ABOUT THIS EXERCISE: Output must consist only of the lines of the material below from the one with "CAVINAS 28.75 inch" through the one with "トレーニングベンチ インクラインベンチ フラットベンチ", each reproduced exactly; no pictures belong in it.

COLLECTED DATA:
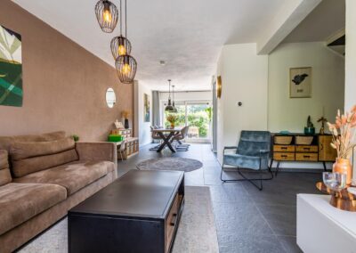 Bij binnenkomst wordt u verwelkomd tot de lichte woonkamer. De woonkamer is voorzien van grote raampartijen die zorgen voor veel natuurlijk lichtinval en een gezellige sfeer. De tuin is toegankelijk via de schuifpui, waardoor deze een verlengstuk van de woonkamer vormt. De half open keuken is modern ingericht en van alle gemakken voorzien. Daarnaast beschikt de woning over een bijkeuken met ruimte voor een grote (voorraad)kast en tevens is hier toegang tot de achtertuin.
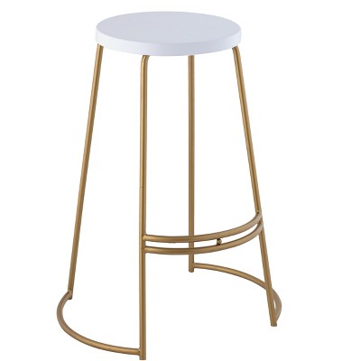 CAVINAS 28.75 inch Bar Stools Set of 2,Velvet Upholstered Bar Chairs with Golden Frame & Footrests for Kitchen Island,White
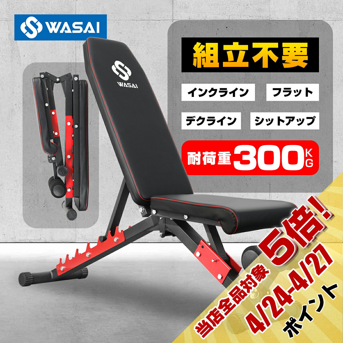 トレーニングベンチ インクラインベンチ フラットベンチ 腹筋 シットアップベンチ 筋トレベンチ 【組立不要/収納便利/瞬時角度調節】耐荷重300KG WASAI MK037
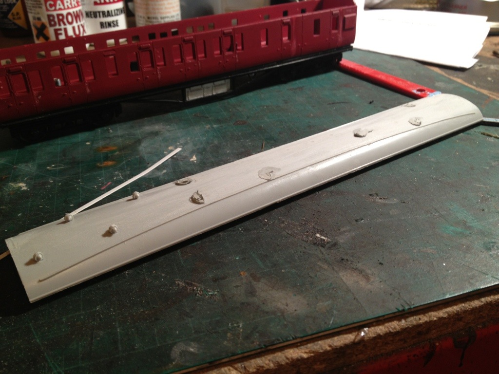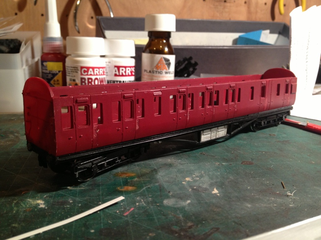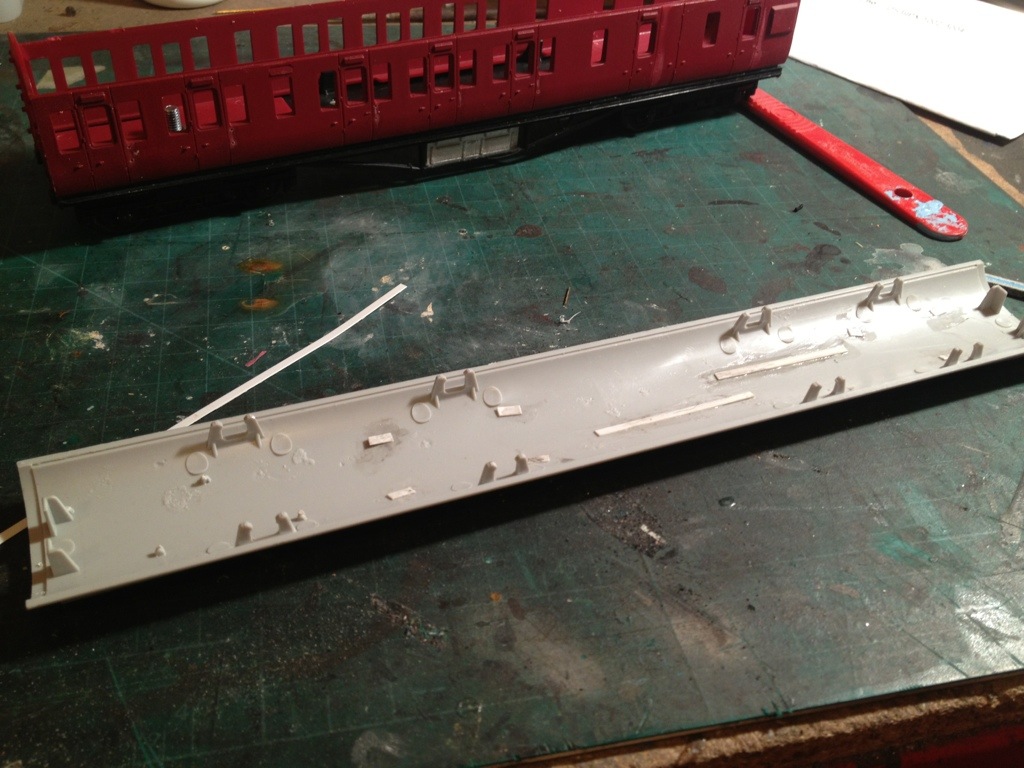 Comet cast underframe parts replaced the old 1970s vintage mouldings, the sides have been drilled out to receive grab rails and the vent holes in the roof have been filled pending re-drilling so the torpedo vents can be mounted in the correct configuration.

SOLVED PROBLEM:
 CAVINAS 28.75 inch Bar Stools Set of 2,Velvet Upholstered Bar Chairs with Golden Frame & Footrests for Kitchen Island,White
 トレーニングベンチ インクラインベンチ フラットベンチ 腹筋 シットアップベンチ 筋トレベンチ 【組立不要/収納便利/瞬時角度調節】耐荷重300KG WASAI MK037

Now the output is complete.